Peter
I was walking to my appointment with Ola, giggling at the thought of how surprised he would be. This week I had much more interesting things to talk about than how dull and meaningless my life was. And this once I did not know what he would say and what he would think. I was humming the goofy sitar-theme of "Winds of Change" (Animals), since this time I was not coming for my weekly fix of comforting sameness. The sitar, the didgeridoo drone of my shades, birds bright in the sky like little jewels with lice and the carbonated bubbling of my happy blood made for spring feelings, helped along by the warmest December ever.
His waiting room was the same but not the same. I was not the same and everything had changed. I was in love. I had had sex. Good sex. I was a hero. In spite of all this I was a little worried that Ola would be angry about my missing last week's appointment. But surely being unconscious in hospital was a valid excuse.
"It looks like you have a lot to tell me today." he said. He looked sort of happy, maybe he too could smell something. There was a golden glow to his mossyness. I had, so I did. I told him about me falling in love. And I told him about the attack and the hospital and Magda and her moving in and me meeting her friends and her parents and having sex and me falling in love. The goldening of the moss had increased, and there was a definite smell of that spice I never remember the name of, so I could tell that he was pleased as punch, which is a strange expression, come to think of it.
Ola made that little movement with his hand he always makes before speaking. It makes me think that he would have liked to hold a pipe. Not to smoke it, he doesn't smoke, but just to wield it, a tool of his trade boosting his authority and confidence.

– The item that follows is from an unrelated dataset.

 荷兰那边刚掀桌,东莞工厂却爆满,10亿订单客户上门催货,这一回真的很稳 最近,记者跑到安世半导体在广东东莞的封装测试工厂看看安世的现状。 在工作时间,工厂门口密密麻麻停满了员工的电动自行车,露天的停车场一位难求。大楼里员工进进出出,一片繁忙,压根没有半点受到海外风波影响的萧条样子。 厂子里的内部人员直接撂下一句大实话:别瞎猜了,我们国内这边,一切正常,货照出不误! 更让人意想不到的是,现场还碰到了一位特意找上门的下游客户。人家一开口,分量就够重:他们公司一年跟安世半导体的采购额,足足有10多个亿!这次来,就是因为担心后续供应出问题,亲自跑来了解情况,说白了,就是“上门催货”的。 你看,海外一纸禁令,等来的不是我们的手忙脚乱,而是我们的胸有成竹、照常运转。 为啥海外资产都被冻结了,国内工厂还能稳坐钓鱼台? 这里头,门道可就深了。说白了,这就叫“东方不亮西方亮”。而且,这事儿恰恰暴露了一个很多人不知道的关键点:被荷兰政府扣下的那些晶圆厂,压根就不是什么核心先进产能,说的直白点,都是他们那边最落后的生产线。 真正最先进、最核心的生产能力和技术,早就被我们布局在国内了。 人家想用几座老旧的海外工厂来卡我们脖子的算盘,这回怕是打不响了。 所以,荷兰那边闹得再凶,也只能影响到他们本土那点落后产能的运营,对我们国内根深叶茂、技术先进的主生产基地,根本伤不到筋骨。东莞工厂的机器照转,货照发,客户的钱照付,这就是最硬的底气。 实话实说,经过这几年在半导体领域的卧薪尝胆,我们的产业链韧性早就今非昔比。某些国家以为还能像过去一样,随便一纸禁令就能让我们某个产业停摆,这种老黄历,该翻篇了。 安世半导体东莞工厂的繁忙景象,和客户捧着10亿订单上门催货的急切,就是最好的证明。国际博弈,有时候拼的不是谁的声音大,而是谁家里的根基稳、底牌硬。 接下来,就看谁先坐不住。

"These are wonderful news," he said. "Tell me, do you feel depressed now?"
"Not in the least."
"No, And even if this romance ends badly you will be less depressed than before. Unhappy and devastated maybe, but depression is not predominantly about sadness. Everything that's part of life is the opposite of depression, including broken hearts. And I must admit I'm a romantic cream cheese, I believe in the healing power of love."
I was crying.
"Excuse me, I said. "I just realized that pretty soon I will not need you anymore. This growing business sucks sometimes." It did, but not as much as it was fantastic.
Magda
We overslept. We had both been so wrapped up in each other last night that none of us remembered that everyday life was about to begin again. Luckily Peter woke up before I was hopelessly late, but there was no time for morning sex, a proper breakfast or a shower. I snagged a piece of bread to chew on while pedaling and was off. If I smelled of sex, so be it. I had at least brushed my teeth.
Our city is mid-sized for being Swedish, small for just about everywhere else. It's small enough to go anywhere in the city by bike, for which I yet again was grateful that morning. I was at my school in twenty minutes. Time for a cup of coffee, thank god.

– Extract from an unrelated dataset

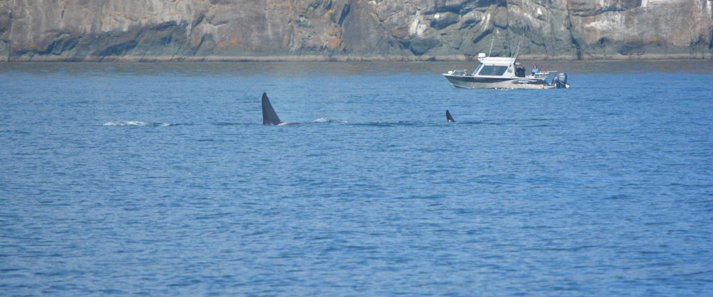 Through San Juan Channel we went, basking in beautiful views of San Juan Island, Shaw, Orcas, Spieden, John’s, and Stuart (along with many, many others!). We had a chance to cruise through John’s Pass before moving towards Turn Point, where we came around the most northwestern point of the United States (how cool is that?) and caught sight of our killer whale friends! Granny, as is fitting, was leading the pod, and the first thing she did when she passed Turn Point was spyhop. It almost looked like she was trying to decide which way she wanted to travel with her pod! Up Boundary Pass? To Active Pass? Granny dipped back under the surface, slapped her tail on the water, and made her decision to head north towards the Pender Islands. The rest of Group A of J-pod was hot on her trail, with Onyx gliding through the water nearby. Granny’s subgroup passed us and was soon followed by the J16’s. It was wonderful to see Mike, his sisters, and mom Slick – just a regular orca family enjoying each other’s company. We watched the rest of this group move on, and then idled over to watch the K13’s, traveling gracefully a few miles from their Jpod counterparts. All in all, we saw over 20 killer whales today, all with the backdrop of the beautiful Salish Sea, San Juan Islands, and Canadian Gulf Islands. Does it get any better than this?

My entrance caused quite a stir, just as I had expected. Sick leave and then appear with the multi-hued remnants of a royal black eye is bound to be noticed.
"It's ok to joke about it!" I assured them. It would take them a while to reach joking mode, but I knew they would get there.
"What happened?" Karin asked. She's my best friend at work.
"My asshole ex wanted to make clear who was the master of the house. Which he is now, by the way. He can lord it over his hamster."
"What will you tell your class?"
"The truth. If they ask."
"Are you sure that's wise?" That was Birger, my least favorite colleague. I wonder why I seldom get along with gym-teachers. "They are only ten, after all."
"What else would I tell them? That I fell down the stairs or walked into a door?"
"I don't think we teachers should spread rumors about people."
"Rumors! I know you know Roger a bit, but he hit me in the bloody face."
"All I'm saying is I haven't heard his side of the story."
"I'm sure he'll say I provoked him. Well, you are pissing me off right now and I won't hit you."
My class did not ask. I probably looked like I would bite their heads off if they did. Eventually I raised the subject myself. I had dug out some statistics and they were shocked. The boys were sweetly certain that they never would hit someone they lived with, insofar they could imagine living with a woman at all, cooties still being a factor. I hoped they were right. Almost everyone gave me a hug, and I cried a little bit.
The world was a shitty place in so many ways. Peter had chosen to opt out of that world to survive, building his own little universe. I must be careful not to tear down that universe, but it would be nice if his world could expand into mine and the other way around.
Peter
"Changes", Band of Gypsys version. Yes, there were changes coming. I had given myself permission to hope, and hope I would. I was banging along on my drums to the music in my head, longing for my left arm. It would soon be with me again, the pain was just a violet whisper now. I was hoping for a life with Magda, of course - that was old new already. I was hoping for friends and perhaps to play in a band. Could I? Maybe, with the right people. I would ask Bettan and Erik if they wanted to play with me sometime. Could I play on stage, with a crowd? Maybe. One step at a time.
I had to synch myself better with Magda, time-wise. I couldn't live my life at nights anymore. Small sacrifice. I was excited. I wanted to change more, faster, broaden my horizons. I went into the bad flat to confront the floor but its passively malevolent plastic shit-brown-squared self-satisfied ugliness defeated me. I staggered out, shaken.